Decomposition of Speech into Modulators and Temporal Fine Structure
Les Atlas, Ph.D.
Virginia Merrill Bloedel Hearing Research Scholar
Professor of Electrical Engineering
University of Washington; Seattle, WA
Friday, May 10th, 2013
…musical tones are the simpler and more regular elements of the sensations of hearing, and that we have consequently first to study the laws and peculiarities of this class of sensations.
Hermann von Helmholtz, On the Sensations of Tone as a Physiological Basis for the Theory of Music, 2nd English Edition (A. Ellis), translated from the 4th German Edition of 1877, Longman Green, London, 1885, Page 7.
It has been 135 years since this passage was written, yet we still have no formal foundation for going beyond what Helmholtz brilliantly saw as the building blocks he called “musical tones,” which we now simply call “frequency.” Helmholtz also saw that “beats of simple tones” and “beats due to combinational tones” or “differential tones” [op. cit., Page 159.] formed sum and difference beats. We now call the generalization of this effect “modulations” or “envelopes.”
Since the time of Helmholtz, science and technology has developed radio and then very high-speed digital communications, revolutionizing the way we now live. Concepts from 1920’s to 1930’s AM and FM radio communications still provide a perhaps outdated foundation. Researchers conventionally model the above modulations as “envelopes,” which multiply “carriers” or, equivalently, “temporal fine structure.” These envelopes, as typically derived after subband filtering, are Hilbert envelopes or, with perhaps a closer connection to physiology, rectified and lowpass filtered real envelopes. Yet as will be argued, hearing science’s current foundation, which has frequency subband envelopes modulating temporal fine structure carriers, is still not as precise as Helmholtz was with single tones and harmonics.
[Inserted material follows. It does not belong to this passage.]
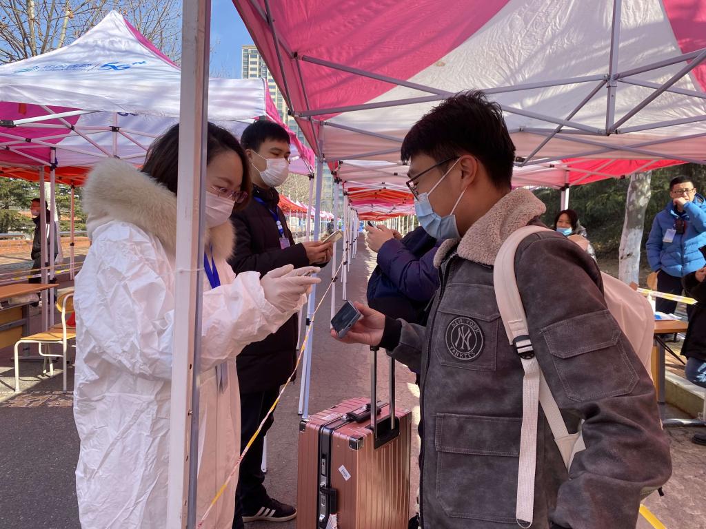 “老师好,我回来啦”返校学生脸上洋溢着幸福的笑容朝着辅导员老师打着招呼。“我听说好几个学校已经延迟开学了,我还在担心我们学校能不能正常开学,现在我回来了,就很放心了,可以好好写写我的毕业论文了。”

Our talk will begin with demonstrations of simple combinations of tones which have identical envelopes yet sound obviously different. We will show, assuming sufficiently low rate envelopes, how important it is to remove this ambiguity, especially for speech. We will then suggest how a simple and physiologically viable decomposition into an envelope, with a new form of temporal fine structure, removes this ambiguity. These results raise new questions about relative roles of temporal fine structure in everyday audio and speech for normal hearing listeners. These results, with our new definition of temporal fine structure, also suggest differing decoding of speech in steady noise versus multiple simultaneous masking talkers.
Three Learner Outcomes: Temporal fine structure has been ill-defined. Hilbert phase is a flawed method for finding temporal fine structure. A new additive definition of temporal fine structure, with underlying theory and physiological plausibility, is instead hypothesized.